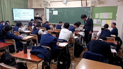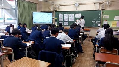 大勢の数学科の専門の先生がいる中で授業を行うのは緊張すると思います。その中を堂々と授業を行う本校の先生は、素晴らしく、誇りですね。
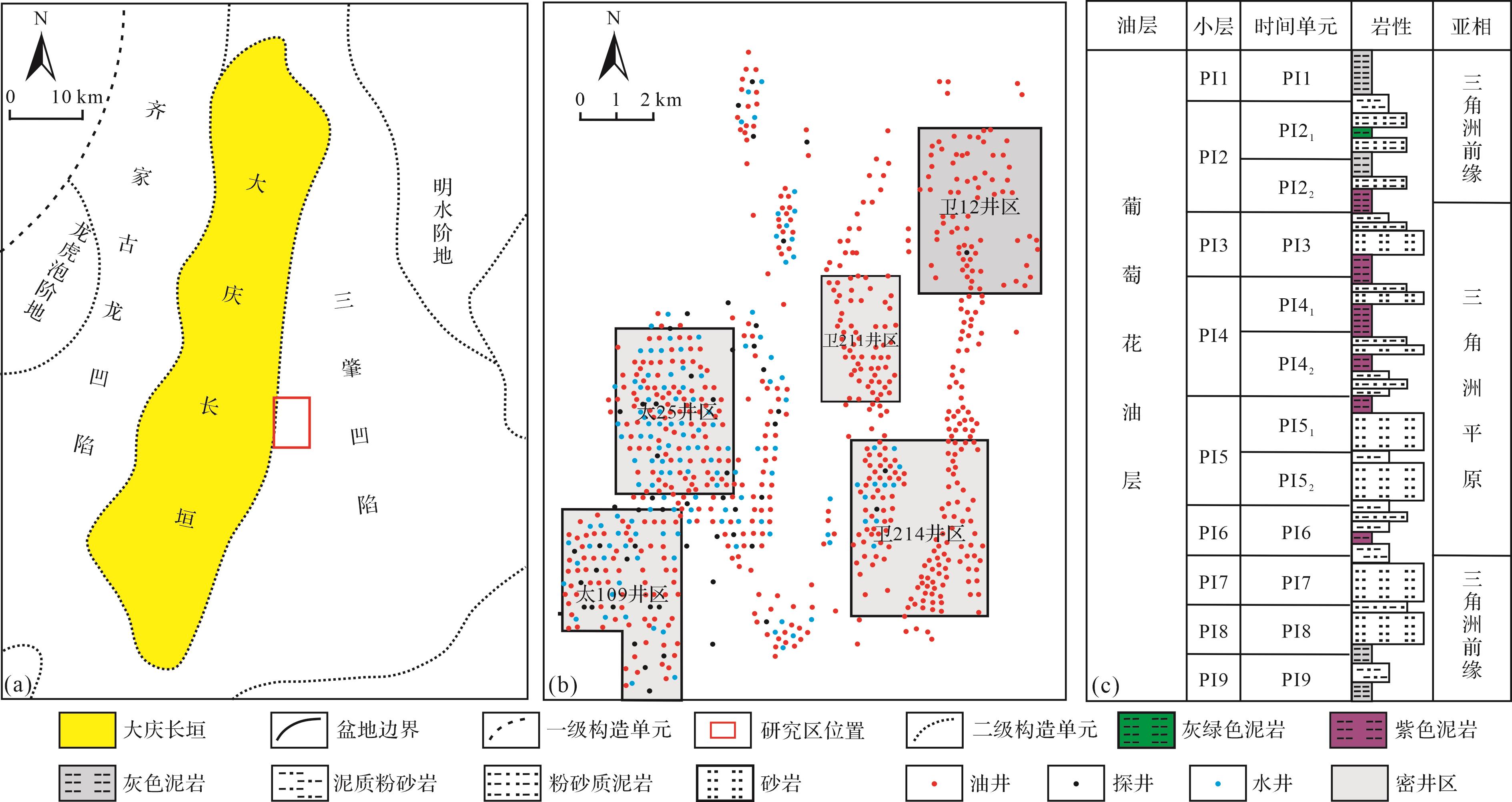 (a)松辽盆地北部构造图及卫星油田位置;(b)卫星油田开发区位置及井网分布;(c)葡萄花油层柱状图
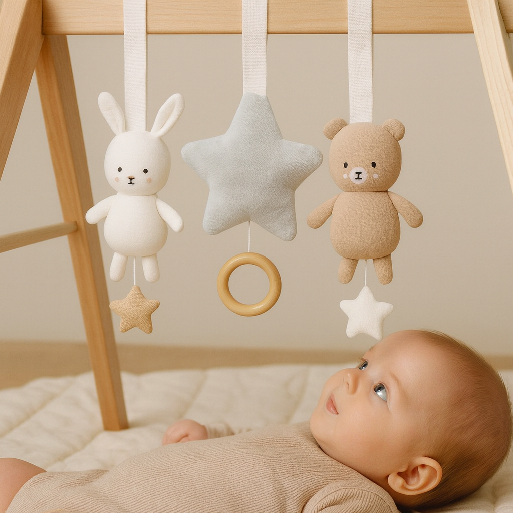 Χαριτωμένα και πολύ απαλά παιχνιδάκια για το ξύλινο γυμναστήριο (πωλείται χωριστά-θα το βρείτε εδώ)

☆ ☆ ☆ ☆ ☆ ☆ ☆

**Task prompt**
Reproduce the entire listing exactly, but omit any pictures.

**Output of the exercise**
 大勢の数学科の専門の先生がいる中で授業を行うのは緊張すると思います。その中を堂々と授業を行う本校の先生は、素晴らしく、誇りですね。
 (a)松辽盆地北部构造图及卫星油田位置;(b)卫星油田开发区位置及井网分布;(c)葡萄花油层柱状图
 Χαριτωμένα και πολύ απαλά παιχνιδάκια για το ξύλινο γυμναστήριο (πωλείται χωριστά-θα το βρείτε εδώ)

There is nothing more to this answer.